## WORK REQUIRED
Write out each entry below exactly; the images do not belong in your copy.

----

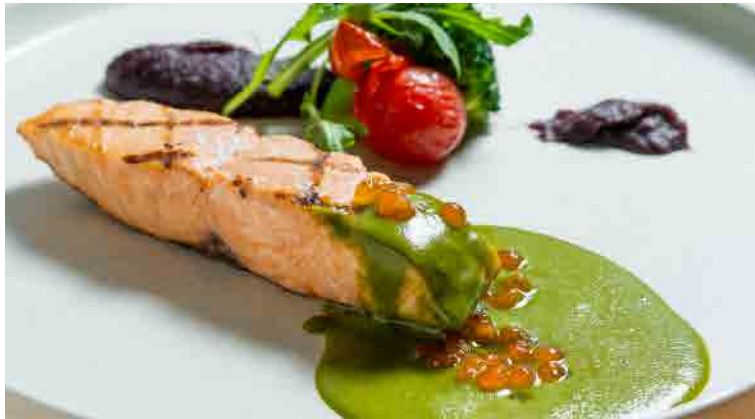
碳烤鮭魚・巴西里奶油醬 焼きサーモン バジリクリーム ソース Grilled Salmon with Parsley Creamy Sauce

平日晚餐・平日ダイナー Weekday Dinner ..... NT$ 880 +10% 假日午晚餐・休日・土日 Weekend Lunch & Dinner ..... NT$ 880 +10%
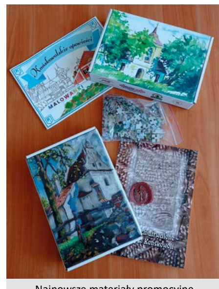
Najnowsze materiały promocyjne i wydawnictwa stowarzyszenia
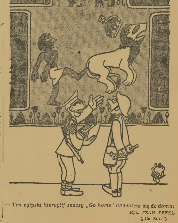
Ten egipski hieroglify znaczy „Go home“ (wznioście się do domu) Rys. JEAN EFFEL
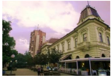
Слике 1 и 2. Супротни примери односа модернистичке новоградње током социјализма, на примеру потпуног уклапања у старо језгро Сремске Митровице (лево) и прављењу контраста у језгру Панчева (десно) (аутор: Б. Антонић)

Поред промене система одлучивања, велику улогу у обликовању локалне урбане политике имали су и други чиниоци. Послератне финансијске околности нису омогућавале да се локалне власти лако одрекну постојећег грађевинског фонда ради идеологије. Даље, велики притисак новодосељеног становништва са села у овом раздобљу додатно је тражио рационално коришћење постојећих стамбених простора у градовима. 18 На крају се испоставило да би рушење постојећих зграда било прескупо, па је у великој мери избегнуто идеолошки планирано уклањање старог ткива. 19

----

## SOLVED EXERCISE
碳烤鮭魚・巴西里奶油醬 焼きサーモン バジリクリーム ソース Grilled Salmon with Parsley Creamy Sauce

平日晚餐・平日ダイナー Weekday Dinner ..... NT$ 880 +10% 假日午晚餐・休日・土日 Weekend Lunch & Dinner ..... NT$ 880 +10%
Najnowsze materiały promocyjne i wydawnictwa stowarzyszenia
Ten egipski hieroglify znaczy „Go home“ (wznioście się do domu) Rys. JEAN EFFEL
Слике 1 и 2. Супротни примери односа модернистичке новоградње током социјализма, на примеру потпуног уклапања у старо језгро Сремске Митровице (лево) и прављењу контраста у језгру Панчева (десно) (аутор: Б. Антонић)

Поред промене система одлучивања, велику улогу у обликовању локалне урбане политике имали су и други чиниоци. Послератне финансијске околности нису омогућавале да се локалне власти лако одрекну постојећег грађевинског фонда ради идеологије. Даље, велики притисак новодосељеног становништва са села у овом раздобљу додатно је тражио рационално коришћење постојећих стамбених простора у градовима. 18 На крају се испоставило да би рушење постојећих зграда било прескупо, па је у великој мери избегнуто идеолошки планирано уклањање старог ткива. 19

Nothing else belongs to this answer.